Sunday, May 12, 2013

I Almost Never Knew my Mom


This Mother’s Day I’ve been thinking about my mom. She passed away in December 1982, at the age of 70 after a long illness. She died earlier than many, but I’m grateful that Mom never had to live in a nursing home.

Today I listened to a message my pastor Colin Smith preached a couple weeks ago on Hagar, the maidservant of Sarah, Abraham’s wife. My mom’s life was nothing like Hagar’s, but the message caused me to think about my mother’s suffering as she went through my birth. She almost died. Even though I’ve known that for a long while, this morning the thought jarred me as I realized I could have been raised without her in my life at all.

My mom was in nursing school when she came down with Juvenile Arthritis. Almost out of her teens, it was very unusual for one so old to get the disease. After being told by doctors that she’d never walk again, she proved the them wrong and did walk again, but she also had a permanent curvature to her spine. The curve wasn’t overly pronounced, but it was there. Because of that, she was told that if she ever became pregnant she’d have to have her babies by C-section rather than natural birth. And back then C-sections were not often done.

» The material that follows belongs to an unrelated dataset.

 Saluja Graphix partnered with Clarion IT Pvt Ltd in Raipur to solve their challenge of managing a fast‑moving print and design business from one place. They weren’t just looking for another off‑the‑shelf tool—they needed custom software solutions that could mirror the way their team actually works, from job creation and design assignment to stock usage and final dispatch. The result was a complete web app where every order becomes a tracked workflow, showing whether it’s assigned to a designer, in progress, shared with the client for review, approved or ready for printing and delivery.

After my parents married, it was six years before she became pregnant with me. I sat here this morning, wondering if like Hannah in the Old Testament, my mom prayed daily for a child and God delayed the answer. I’ve heard bits and pieces over the years but never about the years of barrenness. Maybe that part was too private.

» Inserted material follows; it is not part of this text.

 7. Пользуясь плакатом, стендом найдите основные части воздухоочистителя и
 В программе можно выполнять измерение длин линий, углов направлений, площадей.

How much Mom must have rejoiced when she found at long last she was pregnant. I wonder if that joy was tempered by the warning given to her over 12 years earlier that she should deliver her babies by C section.

The sad thing is that by the time she reached her ninth month of pregnancy none of the doctors who had advised her against natural birth were around, and the only doctor available to do the delivery waved off the warning. He told her she would be fine.

Of course, I remember none of it and that’s probably a blessing, because after about two or three days of labor, I entered the birth canal and it wasn’t long before the doctor realized those other doctors were right. To deliver me the natural way would be very dangerous for my mother.

The doctor found my dad in the waiting room (those were the days when husbands paced the floor and were not in the delivery room). He told my dad I was too far into the birth canal and he could save me, but he couldn’t promise that my mom would live through the birth.

Of course, as you have figured out, my mom again proved a doctor wrong and lived through the birth. It wasn’t until I was an adult that I heard the entire story, and when I did,  I immediately realized why I’m an only child. And also why my mom loved me so fiercely.

Another profound thought popped into my mind today—if it weren’t for the grace of God I wouldn’t have known my mom at all.

The picture is one that is printed at the back my book, Love Finds You in Lake Geneva, Wisconsin. I was about two years old at the time—not that long after the ordeal Mom went through having me. How deep must have been the joy she felt being alive and able to hold me and enjoy a beautiful summer day at the beach.

I’m very grateful that God chose this Mother’s Day to bring these thoughts to mind.

Happy Mother’s Day to all the moms who read this!